Семена силой усадили на кровать между тралмастером и Мишкой, еще не проснувшимся окончательно. Напротив устроились Феликс и Меньшенький. Ведро с крабами водрузили между коек на табуретке. Было тесно. Коленями Семен больно упирался в ребро табуретки. Феликс налил до краев обе посудины. И, поколебавшись, отставил стаканчик в сторону.
— Будем из одной, — объявил он и поднял кружку. — Старина, — обратился он к Семену, — мы неплохо тралили...
Семен перебил его:
— Костя, этот капитан не приходил в машину довертывать шурупы? — Он нажал на слово «этот». — Теперь капитаны знают, где и что довертывать!
Феликс нахмурился.
— За то, что мы снова вместе, — сказал он и выпил первым.
— Миша, — сказал Феликс Лучкину. — Ты останешься здесь. До нашего прихода. Твою вахту отстоят. Я скажу. А то этот осел начудит, на свою голову. Мы придем в десять. Нет, в одиннадцать, — поправился он, для чего-то посмотрев на часы.
8Семен улетал домой. Это сделали Феликс и Меньшенький. Они пришли точно в одиннадцать. Феликс вынул из внутреннего кармана тужурки голубой авиационный билет и сказал:
— Твой самолет уходит завтра в пятнадцать часов по местному. Одевайся. Пойдешь с Костей в отдел кадров, потом в бухгалтерию. Тебе дали отпуск. Вещи мы с Мишей соберем.
Семен не сопротивлялся. Ему даже стало легче.
У автобусной остановки Меньшенький вопросительно посмотрел на него и хлопнул белесыми ресницами:
— М-может, п-пешком?
— Давай пешком...
Он обрадовался:
— П-понимаешь, все никак находиться не могу, соскучился...
— Пойдем пешком, Костя.
— Завидую тебе. — Голос у Кости был тихим и грустным, — На материк, домой поедешь... А мой дом здесь... Я даже в Москве только п-про-ездом был... В детстве...
— Может быть, я не вернусь, Костя.
Он испуганно глянул на Семена сбоку.
— С-семен, ты вернешься... Эт-т-то, — он неловко повел рукой в сторону бухты, — въедается. Вернешься, Семен. Только осенью, к самым штормам...
— Как ты думаешь — завтра погода летная будет? — спросил Семен.
— Улетишь. Часок продержат на аэродроме, и улетишь.
— Почему часок? Я знаю — сутками сидят.
— Ты полетишь с Елизова, там другое дело. Южняк потянет — и п-порядок...
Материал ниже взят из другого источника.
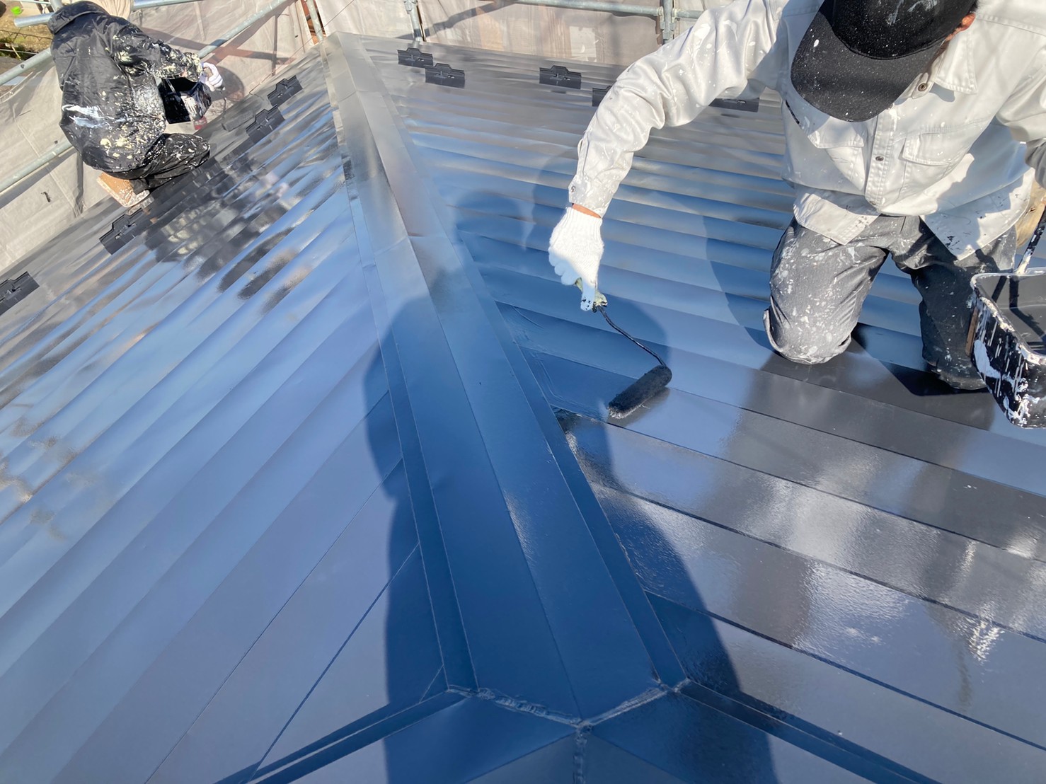 屋根の上塗り。

Начальник отдела кадров Красиков, шумный, какой-то взбудораженный, с веселым ожесточением накинулся на Баркова. Семен думал, что его будут расспрашивать. Но Красиков тотчас усадил его за стол и хлопнул перед ним листком бумаги. Пока Семен писал заявление об отпуске — ручка была тонкой и перо царапало, — он несколько раз выбегал из комнаты, шумел в соседнем кабинете и носился по коридору. Потом выхватил заявление, едва Семен успел расписаться, и умчался снова. Семен ждал его минут пять.
— Вот! Поезжай, механик, — радостно засмеялся он, словно не Барков, а сам уезжал в отпуск. — Поздравляю! Повезло!
— Спасибо, — буркнул Семен.
— Ты что — не рад?!
— Почему же, рад...
Красиков повел его к двери, приятельски положив на плечо свою пухлую розовую руку.
— Да, — спохватился он и вернулся к столу. Молниеносно перебрал кипу бумаг, выдернул оттуда один серый листок, нашарил конверт, свернул бумажку вчетверо и сунул ее в конверт.
— Это тебе, механик, на добрую память, — хитро подмигнул он.
Семен сунул конверт в карман и пошел по коридору.
На улице он достал конверт. На папиросной бумаге был текст какой-то радиограммы. Листочек истрепался — его немало потаскали.
«СРТ «Коршун» Капитану Федорову.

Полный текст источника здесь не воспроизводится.